ABOUT THIS TASK: Restate word for word the lines between the start of the material and the line with "Cinch Women's Burgundy", keeping both of those ends and none of the pictures.

RAW DATA:
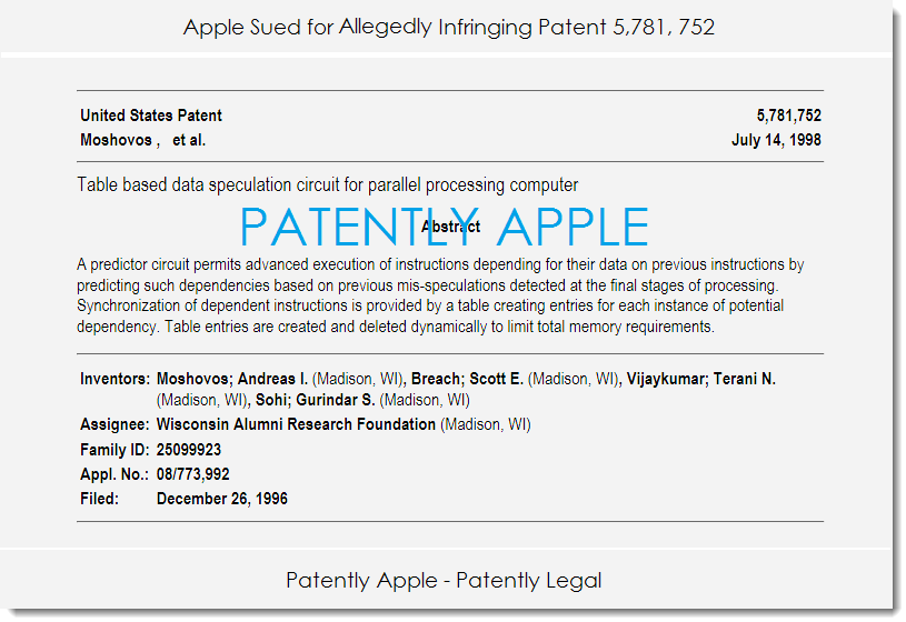 Tuntutan yang diajukan WARF kepada Apple mengklaim bahwa chip 64-bit Apple A7 melanggar paten 5,781,752 yang menjelaskan “table-based data speculation circuit for parallel processing” atau sirkuit spekulasi data berbasis tabel untuk pemrosesan paralel, di mana paten tersebut telah diajukan pada tahun 1996 yang lalu. WARF mengklaim bahwa paten tersebut digunakan oleh Apple agar mendapatkan peningkatan performa dan efisiensi pada chip A7 tersebut. Tentunya, mereka sekarang menginginkan kompensasi dan proteksi yang legal. WARF juga menjelaskan bahwa Apple ternyata memiliki pengetahuan yang jelas tentang paten tersebut.
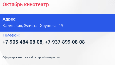 Октябрь, кинотеатр по адресу Калмыкия, Элиста, Хрущева, 19 в дальнейшем Организация, размещена в следующих категориях:
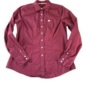 Cinch Women's Burgundy Western Button Up Long Sleeve Shirt Sz Large MSW9164030
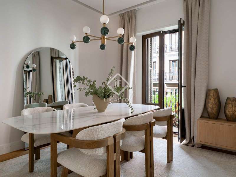 In the heart of the historic Palacio neighbourhood , you will find this spectacular, fully renovated property with a contemporary design that perfectly combines the classic charm of La Finca with the high specification and modern amenities. Located in an elegant classic building , with only two neighbors per floor, this property offers the privacy and comfort of an exclusive property in the centre of Madrid. The property, with its high ceilings, has been completely renovated using top-quality materials and exquisite attention to detail. It features four bedrooms, two with en-suite bathroom , plus a third full bathroom . The day area comprises a spacious and bright living-dining room with large windows, and a designer kitchen fully equipped with Siemens appliances . Underfloor heating heating throughout the property ensures maximum comfort year-round. It is sold fully furnished, with designer furniture and careful decoration that highlights the elegance of each room. A unique opportunity to enjoy an exclusive home in one of Madrid's most emblematic and charming areas .
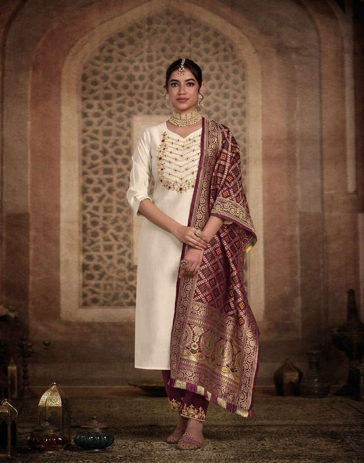 | DUPATTA : | jacquard dupatta with lace |
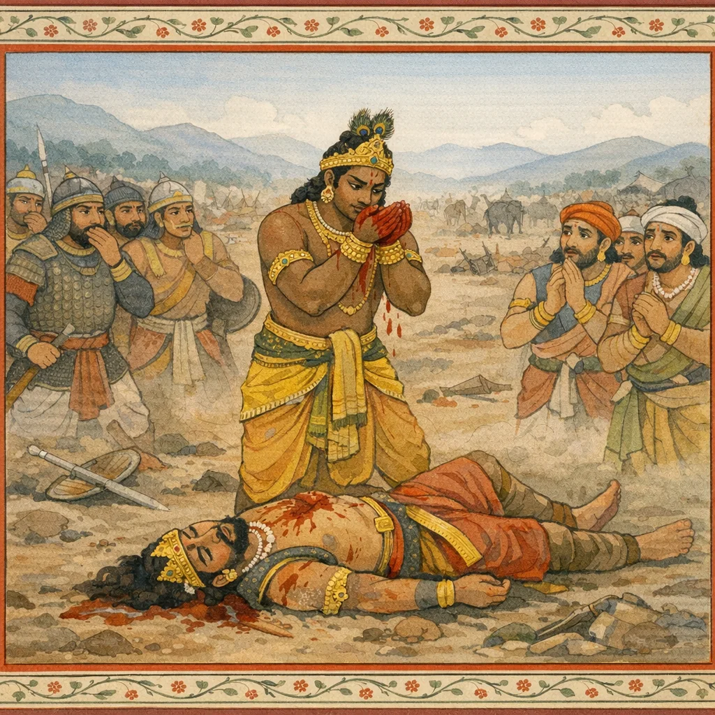 Sañjaya said: “We too are now dancing in return, again and again crying, ‘Ox! Ox!’—mocking those very men who, on that earlier day in the Kaurava court, exulted and danced as they jeered at us with the same insult.”

WRITTEN ANSWER:
 Tuntutan yang diajukan WARF kepada Apple mengklaim bahwa chip 64-bit Apple A7 melanggar paten 5,781,752 yang menjelaskan “table-based data speculation circuit for parallel processing” atau sirkuit spekulasi data berbasis tabel untuk pemrosesan paralel, di mana paten tersebut telah diajukan pada tahun 1996 yang lalu. WARF mengklaim bahwa paten tersebut digunakan oleh Apple agar mendapatkan peningkatan performa dan efisiensi pada chip A7 tersebut. Tentunya, mereka sekarang menginginkan kompensasi dan proteksi yang legal. WARF juga menjelaskan bahwa Apple ternyata memiliki pengetahuan yang jelas tentang paten tersebut.
 Октябрь, кинотеатр по адресу Калмыкия, Элиста, Хрущева, 19 в дальнейшем Организация, размещена в следующих категориях:
 Cinch Women's Burgundy Western Button Up Long Sleeve Shirt Sz Large MSW9164030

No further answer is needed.